O Melanina Acentuada Festival acontece entre 28 de julho e 3 de agosto em diversos espaços artísticos e culturais da capital baiana
Imagem: Rebeca dos Santos / Laboratório Z

Texto: Divulgação

Entre os dias 28 de julho e 3 de agosto acontece em Salvador (BA) a 8ª edição do Melanina Acentuada Festival. O evento multilinguagem busca promover encontros entre teatro, literatura, música e o pensamento negro contemporâneo para homenagear os 80 anos do Teatro Experimental do Negro (TEN) e o legado de Abdias do Nascimento.

Criado pelo ator, autor e dramaturgo Aldri Anunciação, o festival acontece há 14 anos e nesta edição tem programação voltada às narrativas e aos povos originários, africanos e afroindígenas.

“Os nossos mundos estão conectados, a luta é a mesma. Nós temos que fazer essas coisas para atritar os mundos, para que pessoas negras, indígenas, mulheres, PCDs, trans, travestis, enfim, estejam em todos os lugares”, afirma o escritor potiguara Juão Nyn, que chega ao festival com o monólogo TYBYRA – Uma Tragédia Indígena Brasileira, uma obra de ficção sobre o primeiro caso de LGBTfobia contra um corpo nativo documentado no país.

A programação também conta com apresentações de importantes espetáculos da dramaturgia negra, como o premiado “MACACOS”, do ator e dramaturgo Clayton Nascimento; “Namíbia, Não!”, de Aldri Anunciação, com direção de Lázaro Ramos e participação gravada de Wagner Moura; e “Abdias do Nascimento”, protagonizado pelo ator carioca Lincoln Oliveira ao lado de Paulo Guidelly e João Vitor Nascimento.

Além dos espetáculos, o festival reúne escritores, pesquisadores e artistas como Guilherme Diniz, Jessé Oliveira, Eugênio Lima, Luciany Aparecida, Daniel Arcades, Sulivã Bispo e Johayne Hildefonso, que contribuem com novas pesquisas, lançamentos editoriais e reflexões sobre os caminhos da produção artística negra contemporânea.

Entre os destaques do evento está a participação da ensaísta, dramaturga e professora Leda Maria Martins, considerada uma das principais referências dos estudos sobre performance, ‘oralitura’, ‘tempo espiralar’ e teatro negro no Brasil.
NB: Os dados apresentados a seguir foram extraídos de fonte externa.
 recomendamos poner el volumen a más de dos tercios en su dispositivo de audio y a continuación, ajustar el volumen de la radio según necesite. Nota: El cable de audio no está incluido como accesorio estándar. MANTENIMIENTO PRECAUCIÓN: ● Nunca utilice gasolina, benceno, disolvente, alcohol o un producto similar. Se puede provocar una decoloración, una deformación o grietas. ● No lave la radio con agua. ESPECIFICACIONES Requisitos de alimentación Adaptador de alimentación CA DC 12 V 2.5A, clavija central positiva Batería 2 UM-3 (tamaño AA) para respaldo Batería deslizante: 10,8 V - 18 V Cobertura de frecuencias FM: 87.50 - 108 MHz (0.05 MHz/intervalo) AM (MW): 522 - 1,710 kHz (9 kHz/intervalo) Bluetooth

Durante o festival, a pesquisadora apresenta o lançamento de seu novo livro, “A Fina Lâmina da Palavra”, sobre memória, ancestralidade e criação artística negra.

“No livro, eu traço uma paisagem crítico-teórica sobre criações  estéticas de vários gêneros, que, ao longo dos anos, tem me encantado. Poeticamente, a linguagem analítica se debruça, com prazer, sobre várias composições, visando despertar também no leitor o sabor da e pela arte”, conta a autora.
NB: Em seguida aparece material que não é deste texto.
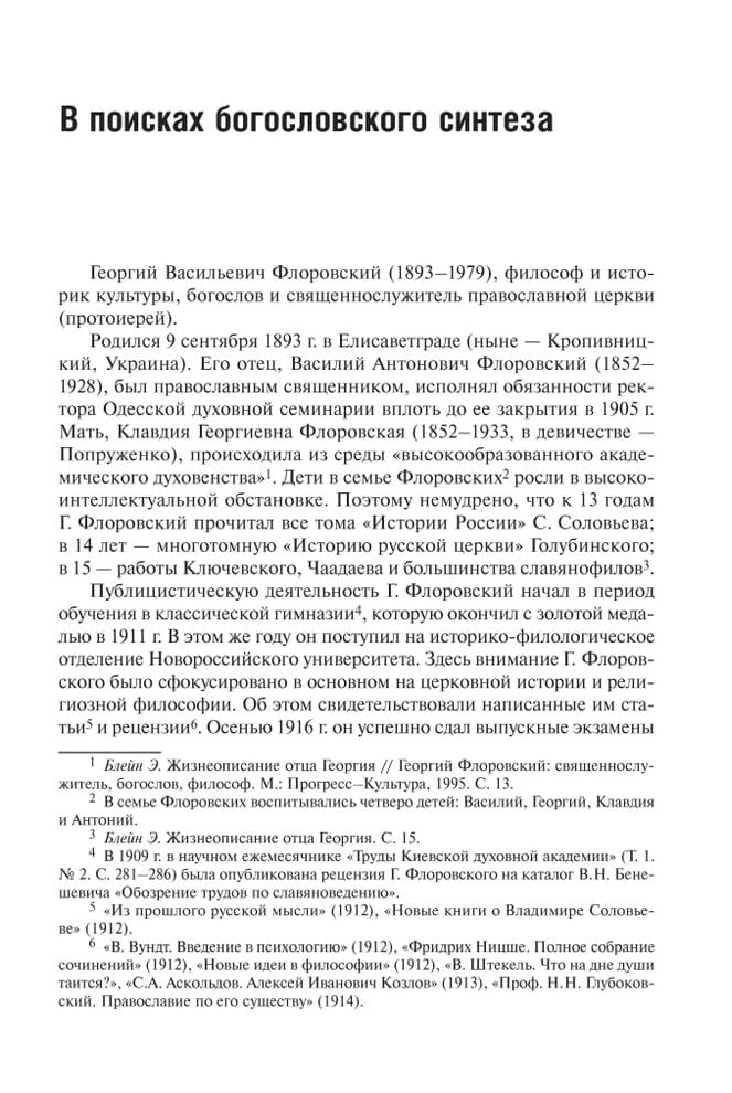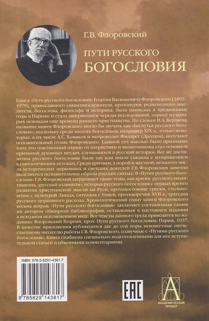 The book "Paths of Russian Theology" by Georgy Vasilyevich Florovsky (1893-1979), an Orthodox clergyman, archpriest, religious thinker, theologian, philosopher, and historian, was written in the pre-war years in Paris and culminated in a series of studies, the first of which covered the era of early Christianity. According to N.A. Berdyaev, the title of Florovsky's book could have been "The Wayward Paths of Russian Theology," since among many theologians, for example those of the 19th century, only a few, including A.S. Khomyakov and Metropolitan Philaret (Drozdov), received a positive review from Florovsky. His central idea was the recognition that the "intellectual break" from patristics and Byzantinism was the primary cause of the spiritual failures that occurred in Russian history. All the achievements of Russian theology, however, were in one way or another connected with a return to patristic roots. Amidst the criticism, sometimes harsh, of many historical church and secular figures, G.V. Florovsky's positive images of Russian saints stand out.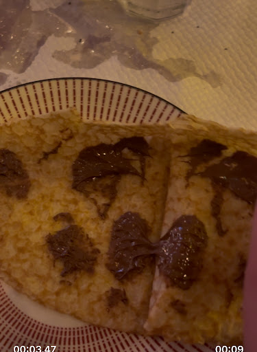 The rest of the food was undercooked, with that unmistakable frozen-then-microwaved taste. And for dessert? A Nutella crêpe – except inside was a tiny dot of Nutella, and the crêpe was dry, tasted like a kitchen rag.

A pesquisadora e ativista Elisa Larkin Nascimento, viúva de Abdias do Nascimento e presidente do Instituto de Pesquisas e Estudos Afro-Brasileiros (Ipeafro), também é presença confirmada no festival. Ela assina a coautoria do livro “Teatro Experimental do Negro: Testemunhos e Ressonâncias”, publicado ao lado de Aldri Anunciação e Jessé Oliveira. A obra revisita o histórico ano de 1966 na vida de Abdias e reúne reflexões contemporâneas sobre a permanência do TEN como uma das maiores referências do ‘teatro afrobrasileiro’.

O Melanina Acentuada acontece em diversos espaços artísticos e culturais de Salvador. A programação completa e informações sobre os locais de realização estão disponíveis no perfil @melaninaacentuada no Instagram.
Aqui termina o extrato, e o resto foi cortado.